Il s'aide en revanche de ses ailes pour sauter plus haut et grimper sur les branches basses des arbres, ou lors de combat contre un congénère. Ses ailes lui servent alors pour battre l'air et créer ainsi un nuage de poussière et de feuilles sèches qui aveugle l'adversaire.
Excellent nageur, il est capable de se déplacer sur de longues distances en zones humides, parfois même en mer.
Il y a peu de dimorphisme sexuel.
Écologie et habitat
Opportuniste et résistant, le Weka peut vivre dans tous types de milieu, sauf en haute montagne, pourvu qu'il puisse y trouver de la nourriture en quantité suffisante et un abri couvert pour son nid.
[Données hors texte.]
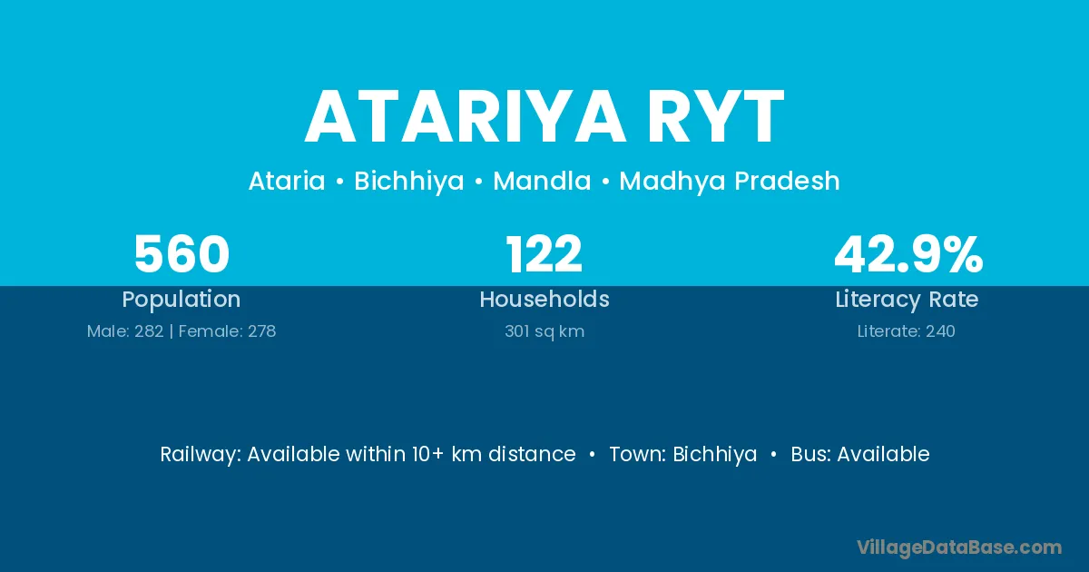 Atariya Ryt village has a total population of 560 people, of which 282 are males and 278 are females.

La densité de population et la structure familiale varieront fortement en fonction de la nourriture disponible.
En milieu non-anthropique, le Weka exploite prioritairement les zones humides et le shrub, végétation basse de Nouvelle-Zélande, ainsi que les zones côtières. On peut également rencontrer le Weka en forêt, mais en raison de la faible quantité de nourriture disponible, la densité de population sera moins importante.
Quelques observations de la première moitié du XXe siècle laissent penser que certaines populations qui vivent en moyenne montagne l'hiver pourraient passer l'été en plaine lorsque la nourriture disponible permet une densité de population plus importante.
Le Weka se nourrit principalement de grosses graines, ce qui en fait une espèce clef dans le processus de restauration des forêts humides primaires en Nouvelle-Zélande. Il se nourrit également d'insectes, d'escargots et petits coquillages, et peut à l'occasion s'attaquer à d'autres espèces endémiques (destruction d'œufs ou prédation de juvéniles) et invasives (notamment lapereaux, plus rarement belettes, hermines et jeunes opossums).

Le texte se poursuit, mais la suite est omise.